I know some east coast stations will call up their counterparts on the opposite coast and arrange to receive a backup audio feed via ISDN and then reciprocate three hours later when the outage hits the west coast. But a lot of stations just put a notice on their website and otherwise ignore it; it's such a minor issue that it's not worth the hassle.
 
Is Radio Marti still running on 1180 am in Marathon Florida, targetting Cuba?

I live about 130 or so miles, due west from Rochester in south western Ontario and their night signal is iffy, at best.

FWIW. AM radio at night this winter as been awful. Aren't we coming up to the top of the sun spot cycle?
 
Judging from the posts in this thread I'd hazard a guess that the interference being heard is some local phenomenon. There has been a history of WHAM's having a ring of weak coverage typical of 50kw NDAs where the skywave cancels the groundwave but usually that manifests itself a lot closer in than 130 miles - more like about 50 to 70 miles.

I have experienced an actual A-B before-and-after demonstration of IBOC self-interference, though. Back in September when WBZ was cooperating with us on diagnosing the HD night interference, I was on a cellphone with WBZ's Engineering Manager one night. I was standing by the side of the road with good-quality headphones jacked into the FIM-41, taking a signal strength reading, at the moment the IBOC carrier was switched on. BZ was delivering a whopping skywave signal, IIRC on the order of 7 mv/m.

As the HD came on, the apparent loudless of the analog WBZ signal dropped very noticeably - I would guesstimate more than 6db. There was an obvious increase in a kind of mushy distortion, I would attribute it to a form of intermod products, which was quite unpleasant. But there was also an almost supersonic whistle present when HD was on - it sounded like the old TV horizontal-oscillator "wheeeen" you used to hear around CRT receivers. It was obvious that the COFDM was doing some very odd things bouncing around the 3DX-50 and the WBZ phasing and LTU components. And it wasn't good.
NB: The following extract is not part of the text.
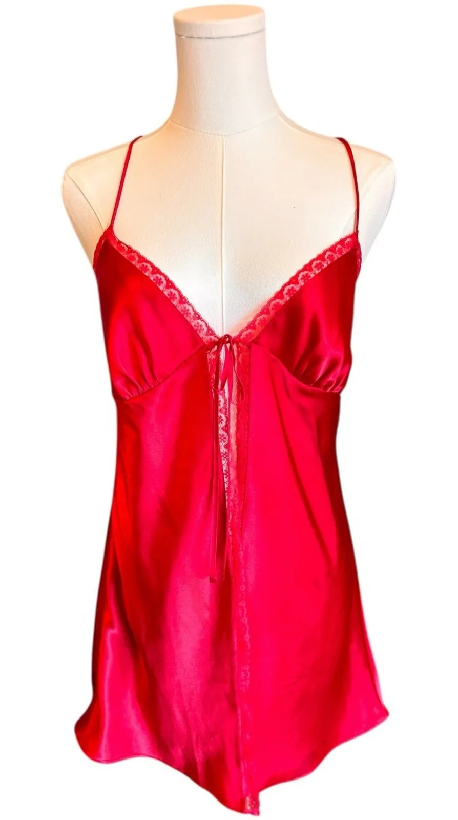 Victoria's Secret Red Babydoll Top Tie Front Small Satin Lace Romantic - $25 - From Tamara

I certainly don't have any specifics to offer, but there have been reports here and elsewhere of odd self-interference cases cropping up from IBOC. Maybe this is another.
 
Several years there was a daytime only station on 1180 near Cincinnati. On nights when the skip was good, WHAM blanketed the local just before the station signed off at sunset. Thats probably why they moved to 1160. The zone of interference for WHAM appears to go through Buffalo. Stations with interference zones closer in than WHAM are WWKB, WBZ, WSB and possibly KFI to the north. My observations may not be typical but were the case when I heard the stations. WLAC has an interference zone about 10 miles out from the XMTR probably due to the high frequency and poor ground conductivity in the area.
 
I know that historically WHAM's cancellation ring has been problematic in the cities of Syracuse to the east and Buffalo to the west, both around 70-80 miles distant. That's what I meant when I expressed doubt about a skywave-groundwave self-interference issue 130 miles away. The groundwave should be just about totally attentuated before 130 miles; the Canadian listener should be getting primarily skywave that far out.

WKBW/WWKB's skywave-groundwave clash is legendary within about 80-90 miles of the station, but it's generally manifested itself in an audio "phasing" effect instead of outright cancellation of the signal. The self-interference is apparently a result of the higher frequency and the electrical height of 1520's 3 towers, which were originally cut to be 1/4 wave radiators at KB's pre-NARBA frequency of 1480 kHz.

The "phasing" sounds like the signal is perpetually fed through an old Eventide Instant-Phaser, not unlike listening to music on shortwave. When KB was running C-QUAM the phasing led to some interesting stereo-platform effects, with the stereo image shifting first slowly, then more rapidly from side to side. If you were listening in a multi-speaker car system the image would rotate around the interior of the car in circular fashion, first slowly, then more rapidly, then slowing down and sometimes even reversing direction.